--- DATASET ENTRIES ---
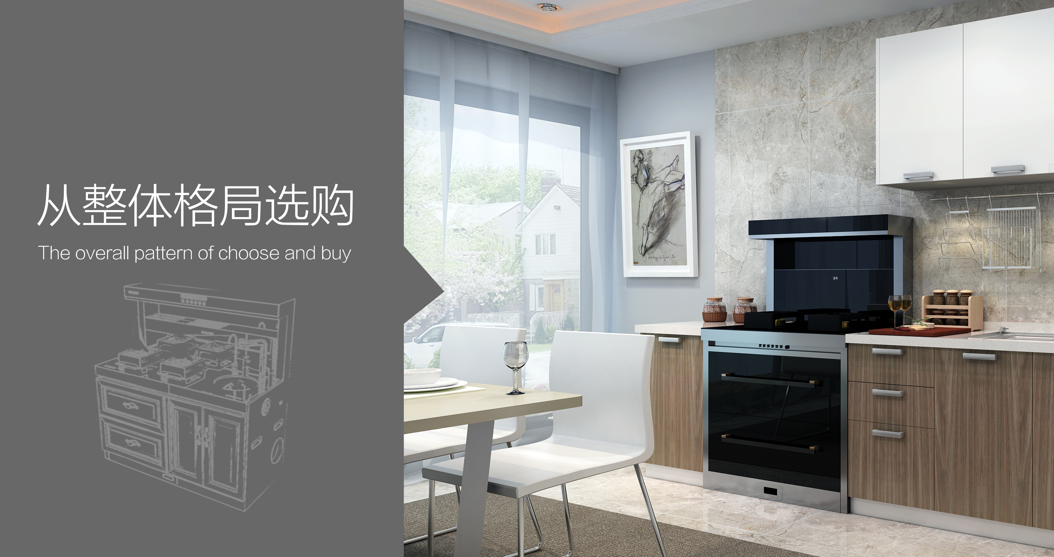 金利蒸烤一体集成灶,让你告别油腻, 吃出健康。60L超大容量,食品级不锈钢蒸盘设计,任你发挥“蒸”的创意。
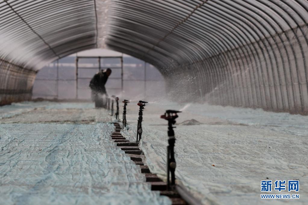4月6日,河北省唐山市海港經濟開發(fā)區(qū)水稻種植合作社的社員在育秧棚內給秧盤澆水。
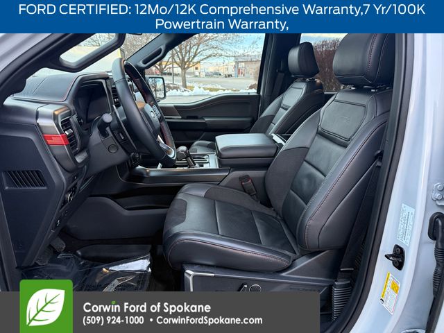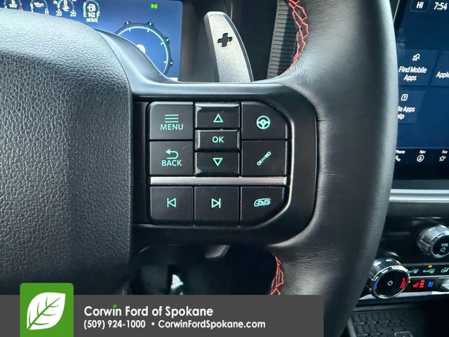 Heated and ventilated leather power front seats, a heated leather steering wheel, dual-zone automatic climate control, and power-adjustable pedals add a touch of comfortable class to our Raptor cabin. Commanding technology awaits with a SYNC-powered infotainment system bundling a 12-inch touchscreen, a 12-inch productivity screen, B&O Unleashed audio, connected navigation compatibility, Apple CarPlay®, Android Auto®, Bluetooth®, and WiFi compatibility.
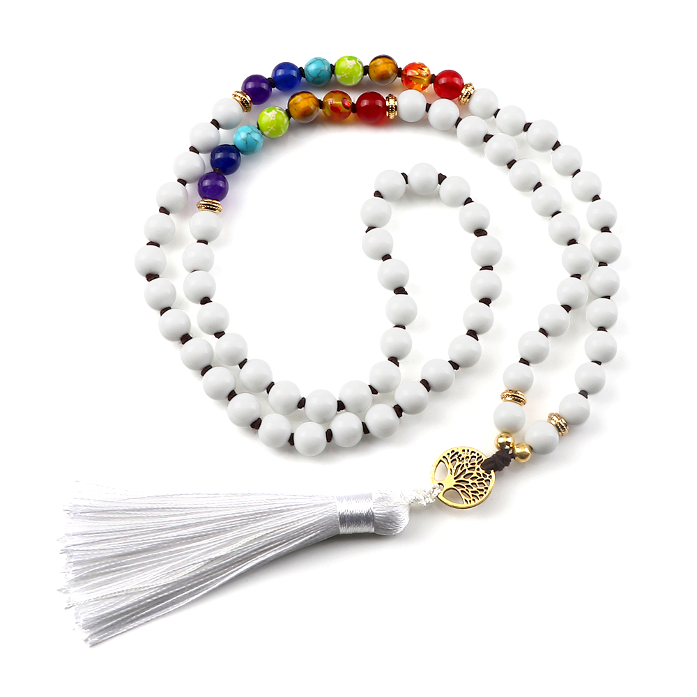 Life Tree Thread Necklaces Handmade 7 Chakra Natural Stone Tiger Eye Beads Necklaces Women Men 108 Mala Tibetan Buddhist Jewelry Bright White – Sumsfashion
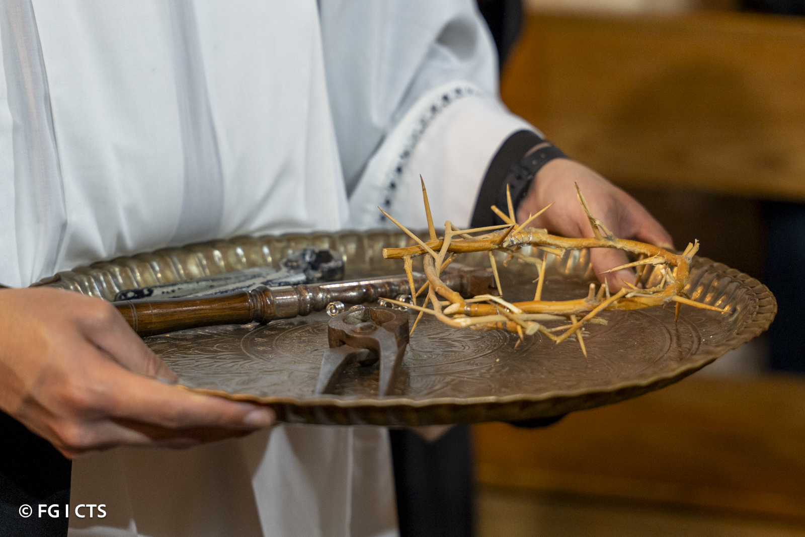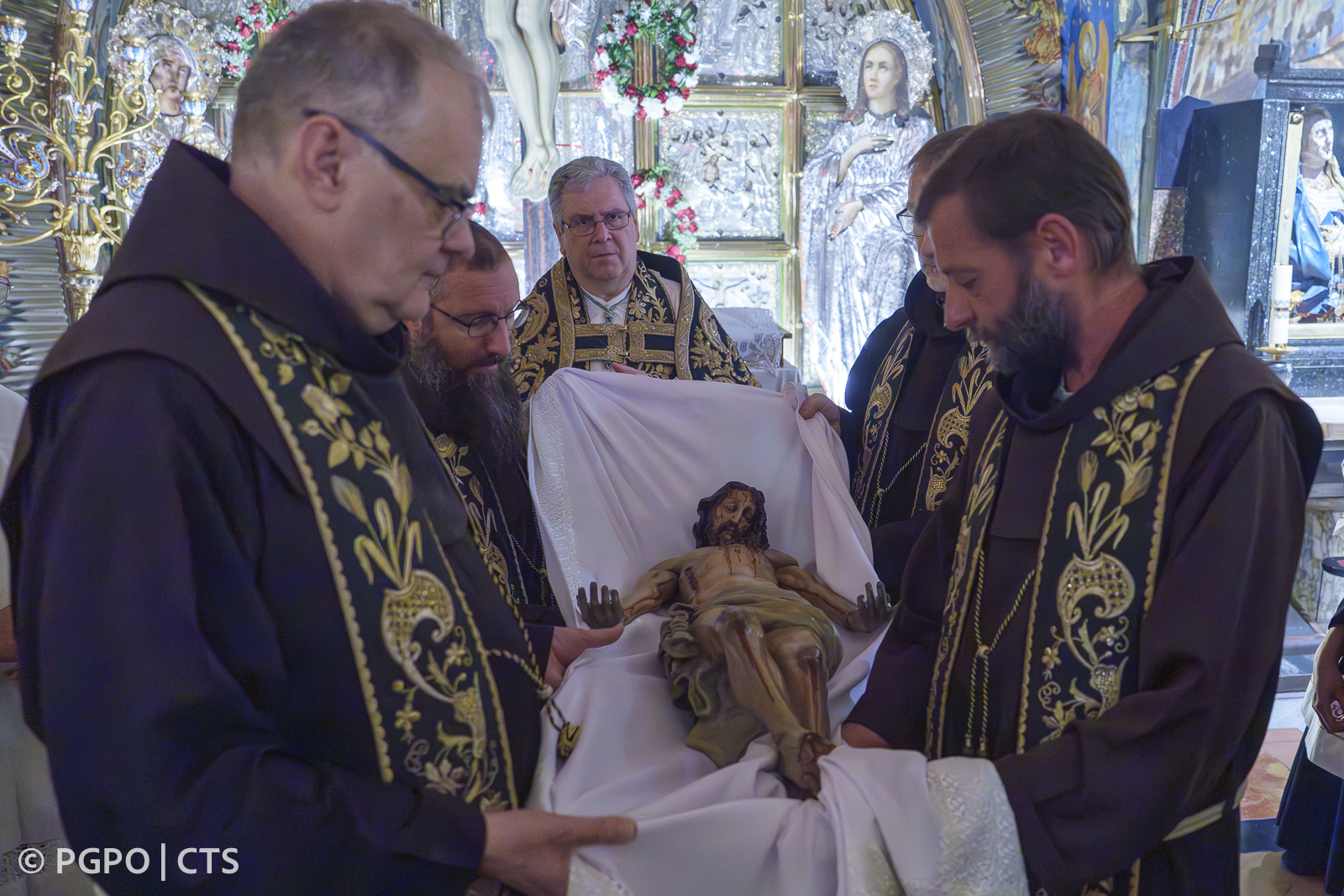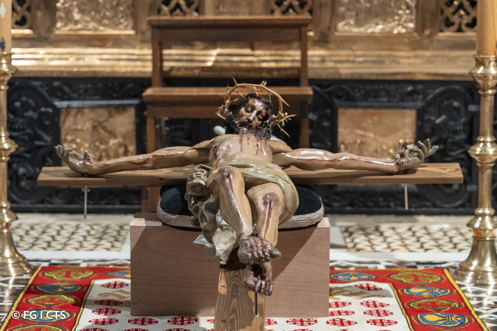 La cerimonia inizia nella Cappella dell'Apparizione, dove i frati francescani della Custodia di Terra Santa, vestiti con paramenti neri ricamati in oro e argento, intonano il Salmo 51 "Miserere mei, Deus", creando un'atmosfera di profonda contemplazione. Il Crocifisso, con una statua di Cristo inchiodata, viene portato in processione verso il Calvario, accompagnato dal silenzio e dalla preghiera dei fedeli.
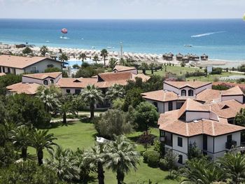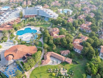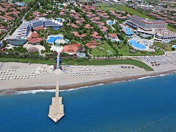 Отель прекрасный! Огромная территория, очень много зелени, все чисто и красиво. Мы жили в двухкомнатном домике и оказались весьма довольны. Хорошие комнаты, удобные кровати, регулярная уборка, замена полотенец, возможность видеть из окна гуляющих павлинов, куриц, растущие фрукты, слышать птиц - привнесли свой колорит. Бассейнов около 7-8, включающих аквапарк и лягушатники. Удобно разделены на всей территории отеля, что не создает толпу у каждого. В целом чистые, но на дне песок чувствовался постоянно. Выход к морю прямой, пляж большой, облагороженный, с детской площадкой. За 2 недели море ни разу не было спокойным, поэтому плавали почти всегда в бассейнах. Питания много. Опять же в разных местах, и в разное время. Еда нормальная, без изысков, стандартная Турция) Бары с любым алкоголем работают целый день. Вечерами ежедневные детская дискотека и танцевальные шоу. Большой детский клуб, дети с 4 лет могут быть без сопровождения взрослых. Аниматоры хорошие, говорящие на разных языках. Практически весь персонал отеля говорит на русском языке, что очень удобно. Гости разных национальностей, и все хорошо относятся друг к другу) От аэропорта Анталья добирались на такси, дорога заняла немного больше часа. Также на территории есть салон красоты, сувенирные лавки, магазины и тд. Есть прекрасная конюшня с лошадьми, козой и цыплятами. Можно покататься за деньги, а также покормить с руки, погладить и просто душевно провести время (это бесплатно) :)
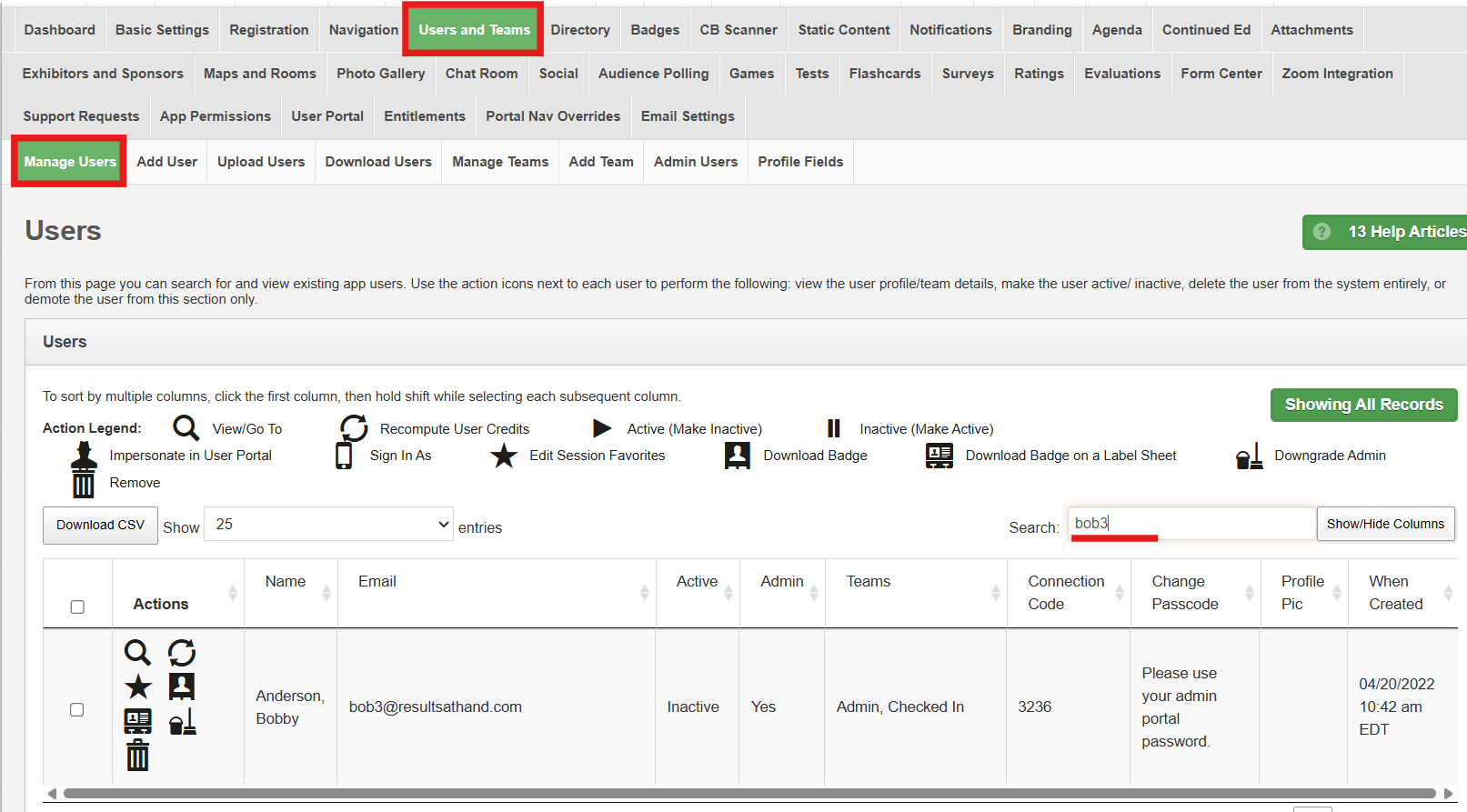 You may have an admin from a previous event who is now a regular attendee. Follow these instructions to change their status which will also allow you to see and edit their password.
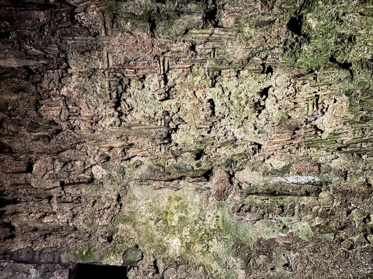When the scaffold was dismantled the impression of the wicker was left on the mortar – and in this case it looks like some of the wicker stayed behind as well.
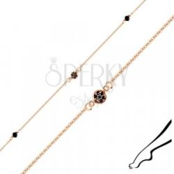 A réz színű bokalánc 925 ezüstből készült, egy kerek foglalatba süllyesztett cirkónia virág díszíti. A láncon két csillogó fekete cirkóniakő rögzített. A lánc egymásra merőlegesen forrasztott ovális szemekből áll. A lánc hosszabbítható és delfinkapoccsal készült. A lánc szélessége: 1,4 mmA lánc hossza: 230 mmToldólánc hossza: 20 mmA teljes hossza: 250 mm (+/-
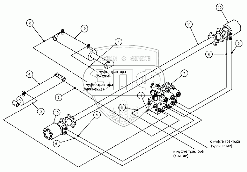 Каталог запасных частей к технике: Клевер ТПР-10. Чертеж сборки гидравлики тележки – 815602
---
## INSTRUCTIONS TO FOLLOW
Look above for the line with "Отель прекрасный! Огромная"; quote it and every line after it, stopping after the line with "You may have", exactly, with nothing added and without pictures.

## EXERCISE RESPONSE
 Отель прекрасный! Огромная территория, очень много зелени, все чисто и красиво. Мы жили в двухкомнатном домике и оказались весьма довольны. Хорошие комнаты, удобные кровати, регулярная уборка, замена полотенец, возможность видеть из окна гуляющих павлинов, куриц, растущие фрукты, слышать птиц - привнесли свой колорит. Бассейнов около 7-8, включающих аквапарк и лягушатники. Удобно разделены на всей территории отеля, что не создает толпу у каждого. В целом чистые, но на дне песок чувствовался постоянно. Выход к морю прямой, пляж большой, облагороженный, с детской площадкой. За 2 недели море ни разу не было спокойным, поэтому плавали почти всегда в бассейнах. Питания много. Опять же в разных местах, и в разное время. Еда нормальная, без изысков, стандартная Турция) Бары с любым алкоголем работают целый день. Вечерами ежедневные детская дискотека и танцевальные шоу. Большой детский клуб, дети с 4 лет могут быть без сопровождения взрослых. Аниматоры хорошие, говорящие на разных языках. Практически весь персонал отеля говорит на русском языке, что очень удобно. Гости разных национальностей, и все хорошо относятся друг к другу) От аэропорта Анталья добирались на такси, дорога заняла немного больше часа. Также на территории есть салон красоты, сувенирные лавки, магазины и тд. Есть прекрасная конюшня с лошадьми, козой и цыплятами. Можно покататься за деньги, а также покормить с руки, погладить и просто душевно провести время (это бесплатно) :)
 You may have an admin from a previous event who is now a regular attendee. Follow these instructions to change their status which will also allow you to see and edit their password.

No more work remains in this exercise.